All the data should be repeated exactly. Any image in it is left out.

Data provided:
• • •
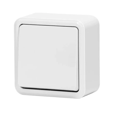 1 way and key German Surface Mount Switch in White, Any Environment. Its elegant functional design ensures effective lighting control.
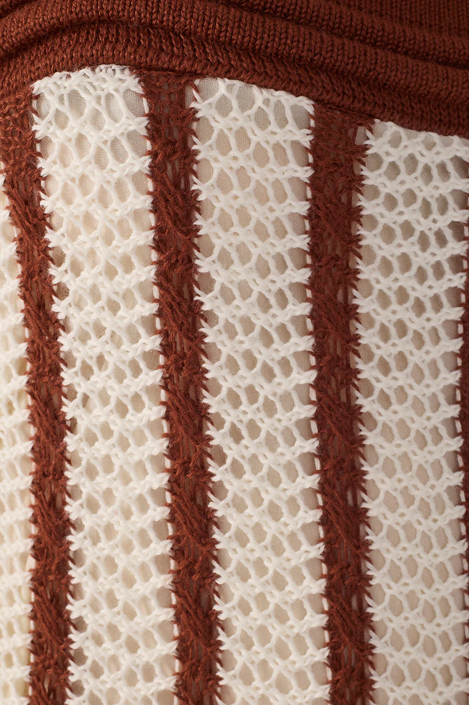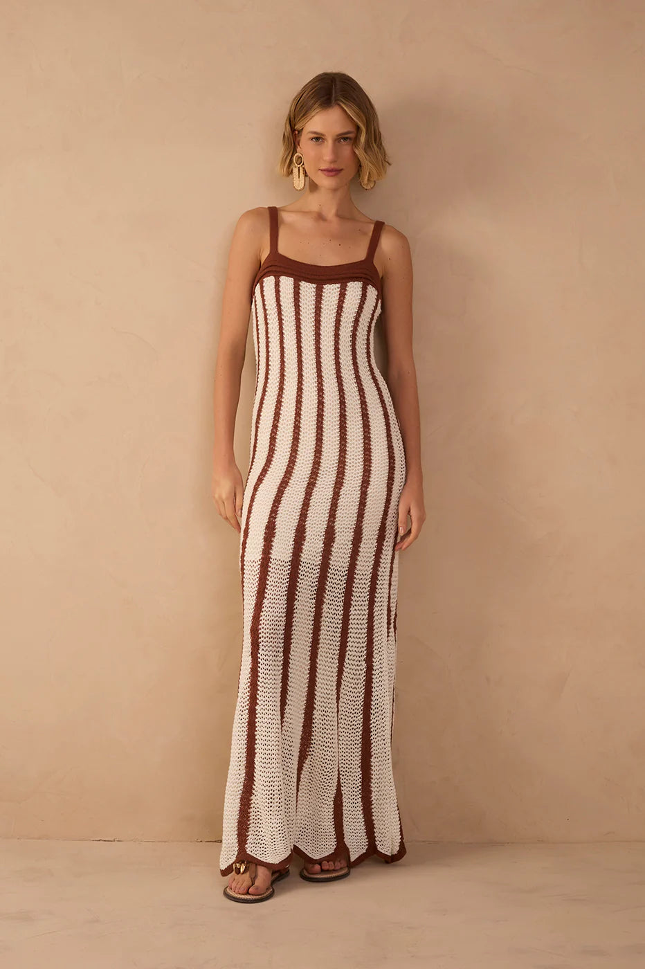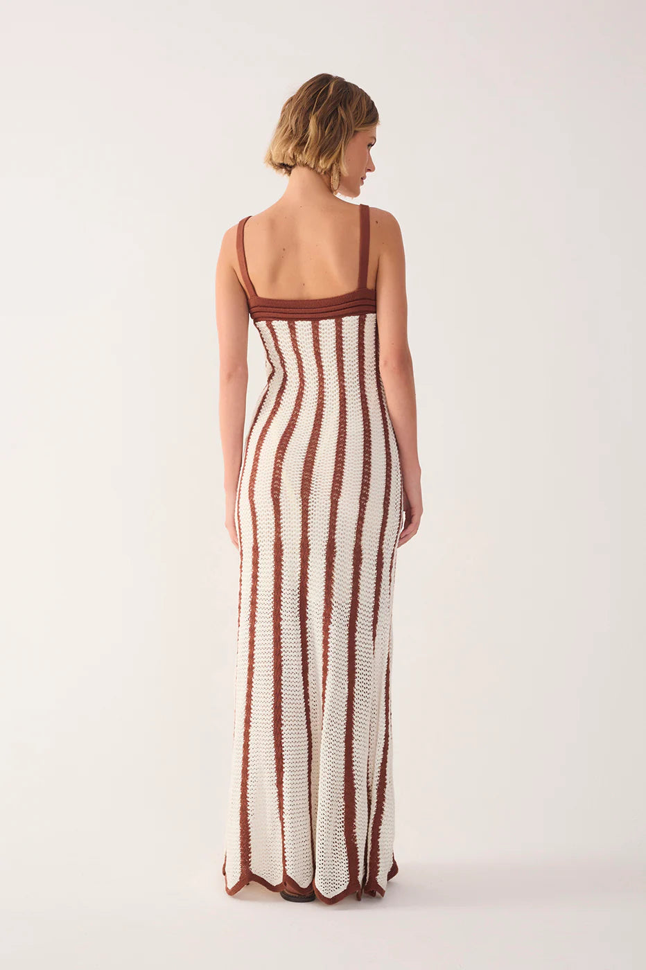 The Bicolor Knitted Dress combines an open weave with a long, fitted cut. With a straight neckline and wide straps in a contrasting color, the striped knit elongates the silhouette. Perfect for summer.
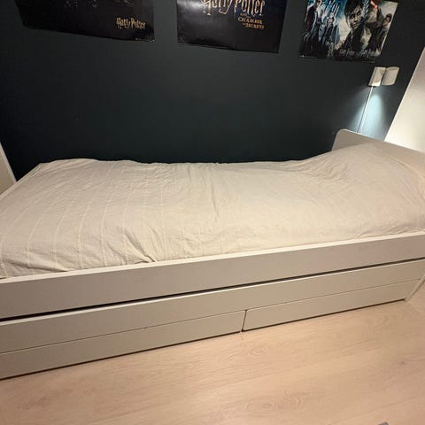 Ikean oikein hyväkuntoinen valkoinen Släkt-sänky 90x200 cm vedettävällä varavuoteella ja kahdella säilytyslaatikolla. Patjat saa halutessaan mukaansa. Nouto Ylöjärveltä.
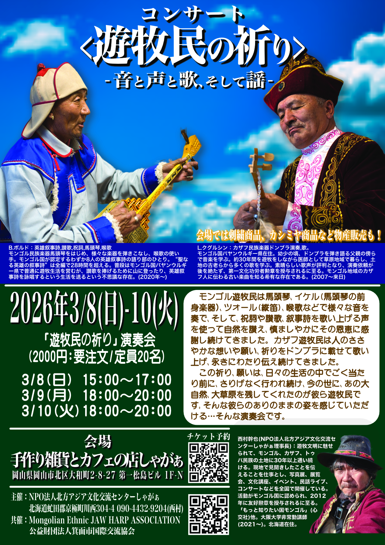 お店は1月のモンゴル語講座&遊牧民の噺<遊牧世界シャッフルトーク>をやったあとの2月はお休みになります…。NPO法人北方アジア文化交流センターしゃがぁのイベントツアーが目白押しで、2月は東京方面でいろいろやっている […]
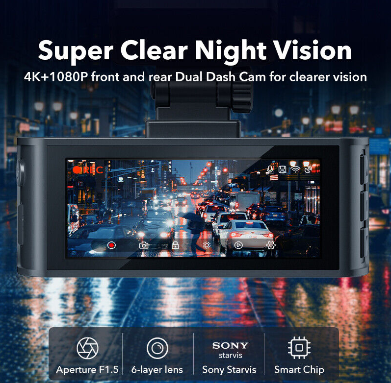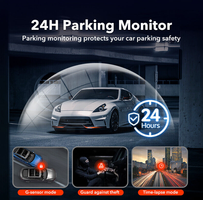 24H Non-Stop Parking Monitor, Real Ultra HD 4K+1080P Dual Dash Cam, Super Night Vision
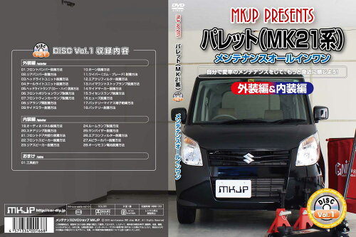 このDVDがあれば、自分でドレスアップして工賃節約!もっとエコライフになります! パレット MK21系 初心者のあなたもDIYで格安チューニング!ドレスアップや改造車にして楽しいクルマライフを送りましょう!! おまけ映像特典として、DIYに欠かせない工具のマメ知識 「 工具紹介 」 を収録! パレット MK21系 メンテナンスDVD 外装関連 フロントバンパー脱着方法 リアバンパー脱着方法 ヘッドライトユニット脱着方法 テールライトユニット脱着方法 ヘッドライトランプ(ロー・ハイ)脱着方法 フロントポジションランプ脱着方法 フロントウィンカーランプ脱着方法 リアランプ類脱着方法 サイドミラー脱着方法 ホーン脱着方法 ワイパー(ゴム・ブレード)脱着方法 エアクリフィルター脱着方法 ハイマウントストップランプ脱着方法 サイドマーカー脱着方法 ライセンスランプ脱着方法 ヒューズ脱着方法 バッテリーマイナス端子絶縁方法 バッテリー脱着方法 内装関連 オーディオパネル脱着方法 ステアリング脱着方法 フロントドア内張り脱着方法 フロントスピーカー脱着方法 リアスピーカー脱着方法 ルームランプ脱着方法 サンバイザー脱着方法 エアコンフィルター脱着方法 Aピラーカバー脱着方法 キーリモコン電池脱着方法 おまけ 特典 工具紹介(格安工具や必須工具の紹介・解説)
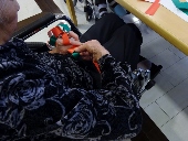 クリスマスカラーの飾りを入居者様と一緒に作成中です♪
• • •
Written answer:
 1 way and key German Surface Mount Switch in White, Any Environment. Its elegant functional design ensures effective lighting control.
 The Bicolor Knitted Dress combines an open weave with a long, fitted cut. With a straight neckline and wide straps in a contrasting color, the striped knit elongates the silhouette. Perfect for summer.
 Ikean oikein hyväkuntoinen valkoinen Släkt-sänky 90x200 cm vedettävällä varavuoteella ja kahdella säilytyslaatikolla. Patjat saa halutessaan mukaansa. Nouto Ylöjärveltä.
 お店は1月のモンゴル語講座&遊牧民の噺<遊牧世界シャッフルトーク>をやったあとの2月はお休みになります…。NPO法人北方アジア文化交流センターしゃがぁのイベントツアーが目白押しで、2月は東京方面でいろいろやっている […]
 24H Non-Stop Parking Monitor, Real Ultra HD 4K+1080P Dual Dash Cam, Super Night Vision
 このDVDがあれば、自分でドレスアップして工賃節約!もっとエコライフになります! パレット MK21系 初心者のあなたもDIYで格安チューニング!ドレスアップや改造車にして楽しいクルマライフを送りましょう!! おまけ映像特典として、DIYに欠かせない工具のマメ知識 「 工具紹介 」 を収録! パレット MK21系 メンテナンスDVD 外装関連 フロントバンパー脱着方法 リアバンパー脱着方法 ヘッドライトユニット脱着方法 テールライトユニット脱着方法 ヘッドライトランプ(ロー・ハイ)脱着方法 フロントポジションランプ脱着方法 フロントウィンカーランプ脱着方法 リアランプ類脱着方法 サイドミラー脱着方法 ホーン脱着方法 ワイパー(ゴム・ブレード)脱着方法 エアクリフィルター脱着方法 ハイマウントストップランプ脱着方法 サイドマーカー脱着方法 ライセンスランプ脱着方法 ヒューズ脱着方法 バッテリーマイナス端子絶縁方法 バッテリー脱着方法 内装関連 オーディオパネル脱着方法 ステアリング脱着方法 フロントドア内張り脱着方法 フロントスピーカー脱着方法 リアスピーカー脱着方法 ルームランプ脱着方法 サンバイザー脱着方法 エアコンフィルター脱着方法 Aピラーカバー脱着方法 キーリモコン電池脱着方法 おまけ 特典 工具紹介(格安工具や必須工具の紹介・解説)
 クリスマスカラーの飾りを入居者様と一緒に作成中です♪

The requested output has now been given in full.